The result will be expensive for Disney. Considering that the case has been in the courts since 2004, ending with the nearly five-week trial in Riverside, it already has been. And it has to be just a little embarrassing for Iger & co., too, since the CEO coolly took the stand to defend Disney’s honor.

“Thanks to ‘Toy Story,’ Disney has done great this summer,” a NYC-based market analyst said to TheWrap, “but the kind of money the jury awarded Celador today isn’t something you can hide on the books.”

Celador certainly got the low end of what it sought — $279 to $395 million was the range – and slogged through six years of wrangling, dozens of witnesses over four weeks of testimony and three days of deliberations to get it. 

One MVP candidate had to be former Disney CEO Michael Eisner. Though he was on the witness list for weeks, he was absent when his day came, away in Italy on business. So the judge allowed Celador lawyers to read Eisner’s over-the-moon emails about bringing “Millionaire” to ABC, and how rich it would make them all.

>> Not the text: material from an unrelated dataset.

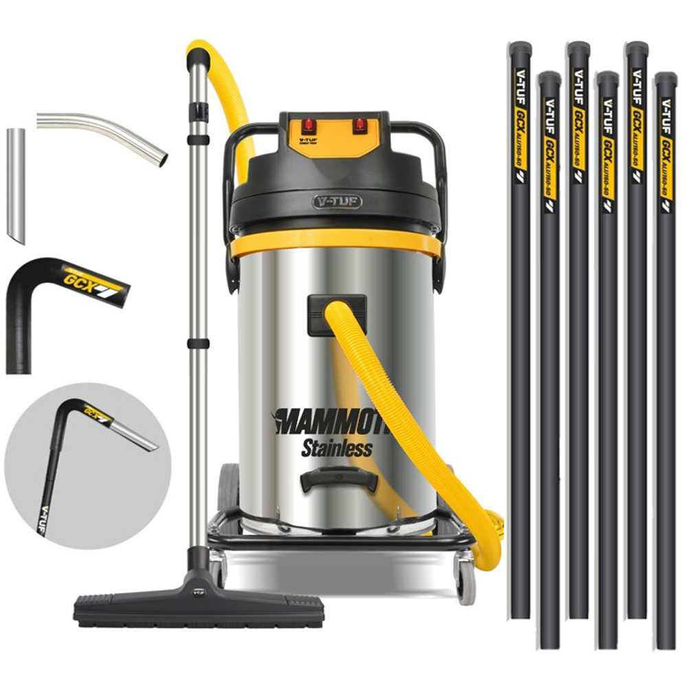 V-TUF MAMMOTH240-STAINLESS has powerful 'twin impeller' motors which are independently switched. This means you can choose your suction power by having any number of motors on at any given time. The V-TUF MAMMOTH240-STAINLESS is Large Capacity Industrial WET & DRY Vacuum Cleaner with a tank drain pipe to easily dump the load if you are sucking heavy material like liquids. There is a variety of filtration methods for various applications (see COMMON SERVICE PARTS and ACCESSORIES below). The MAMMOTH240-STAINLESS comes as standard with a AQUA DRY basket ‘easy to wash’ filter for sucking a broad range of materials from liquid, solids to dust. Some companies keep a spare AQUA DRY filter for a quick change over in busy times. The MAMMOTH240-STAINLESS does not have any expensive circuit boards. 10m, 15m Hose options available. (There is an extra cost for these) No Bags are Required, but if you do want bags the code is VTVS055. Extra Long 5m Cable. Impact Resistant Construction. 6x 1.5m Straight Aluminium Gutter Pole sections; 1x 45 degree flexi elbow; 1x Tough Stainless Steel Gutter nozzle; 2x worm drive clips. Steel Tube standard vacuum lance kit. Quality, replaceable 'two stage' Motors

At one point he wrote to his top men: ““We own it and it costs almost nothing … sometimes the entertainment business is just wonderful.”

You wouldn’t have read that sentence had Eisner kept his date with the court.

In fact, there’s a certain populist tinge that colors this win for Celador, which never drew a smoking gun. It was more subtle and technical than that; a case shaded with themes of fairness and forthrightness.

After the verdict was delivered and the courtroom mostly cleared, one member of the jury remarked that Disney’s doings “just didn’t feel ‘right.’”

Does anything ever feel right about a Hollywood profit-share deal?